Книга Я и Софи Лорен - Вячеслав Верховский
Шрифт:
Интервал:
Закладка:
Кровать загромоздила всю прихожую, плюс беспардонно въехав спинкой в мою комнату…
Казалось, все уже, иди! Но Петр стоит и что-то не торопится.
Бабка тут же перешла к нему на «вы». А когда на «вы» – добра не жди:
– Ну все уже, идите-уходите! И так уже кровать! Но до утра…
А Петя жмется, будто хочет в туалет, и с такими, обостренными слезой, виноватыми собачьими глазами:
– А можно это самое?
Бабка не любила недомолвок:
– Что «а это самое», Сурепка?!
– Ну, чтоб это, мне опохмелиться тут сегодня… – лебезит. Бабка не любила эти нежности. И вырвала недоцелованную руку. – Умоляю! – и уже готов упасть ей в ноги. Еще чуть-чуть – и он заплачет, великан. У него синдром похмельно-абстинентный. Но бабка безучастна, как майская ночь в Рождество:
– Еще этого мне больше не хватало!
Конечно, Петя перебрал в своих запросах. И тут он так взглянул на нашу бабку, что его лицо преобразилось, и к ней вдруг Петя обратился официально…

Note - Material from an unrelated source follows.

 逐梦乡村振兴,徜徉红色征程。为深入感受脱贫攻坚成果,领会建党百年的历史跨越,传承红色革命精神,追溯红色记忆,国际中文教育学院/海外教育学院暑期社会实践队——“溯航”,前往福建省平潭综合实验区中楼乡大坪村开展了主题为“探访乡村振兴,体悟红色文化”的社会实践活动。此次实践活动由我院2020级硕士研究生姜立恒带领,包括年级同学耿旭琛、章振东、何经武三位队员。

А кстати! Это здесь немаловажно! У нашей бабки – это же фамилия! Есть разные фамилии на свете: скажем, Рабинович, Раппопорт, есть Айбиндер, а она у нас такая… Знаете, какая? Она носила гениальную фамилию – Розалина Аароновна Гринпис!
Ну и вот. Незаурядная догадка Петино лицо преобразила. Еще немного – и он стал бы привлекательным. И нашей бабке Петя заявляет:
– Мадам Гринпис! – я вижу: он дрожит. – Мадам Гринпис!
Бабка:
– Ну же, говорите, Петр Сурепка, я скоро как всю жизнь мадам Гринпис!

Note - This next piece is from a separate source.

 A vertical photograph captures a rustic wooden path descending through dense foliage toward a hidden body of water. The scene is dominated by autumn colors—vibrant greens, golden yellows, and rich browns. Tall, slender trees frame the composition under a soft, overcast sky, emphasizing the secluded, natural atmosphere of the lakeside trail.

– Мадам Гринпис! – сейчас случится что-то. И точно! – У меня идея!
Бабка так высокомерно, неприязненно:
– Ну что еще?!
Чтоб общение скорее закруглить.
– Слушайте, а все равно она уже у вас! С доставкой на дом!

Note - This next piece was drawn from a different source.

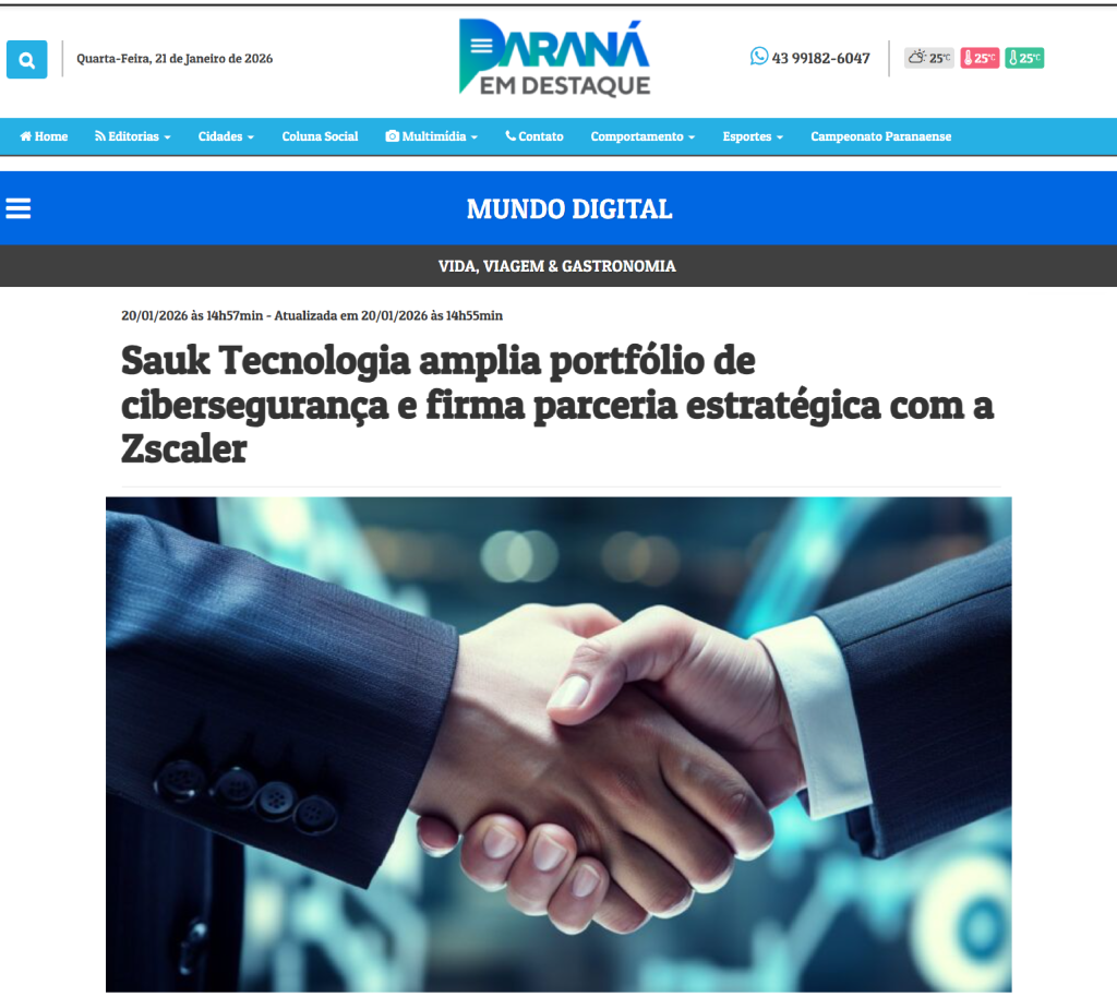 Clique aqui e confira a notícia oficial: Sauk Tecnologia amplia portfólio de cibersegurança e firma parceria estratégica com a Zscaler – Paraná em Destaque

– Ну так что же? – бабка не въезжает.
– Так купите у меня! – как крик души. – Вот эту чертову кровать, уже купите! И с концами!
Бабка онемела. На секунду. Придя в себя, естественно, вскипела:
– Да она и даром нам! И даром! – и тут же глядь, как будто машинально, а матрасик неплохой, неплохой матрасик, не убитый. Да и кровать, серьезно, неплохая: ножки крепенькие, она еще нас всех переживет. – Она и даром! К слову, а за сколько? – и рукою ту кроватку приласкала.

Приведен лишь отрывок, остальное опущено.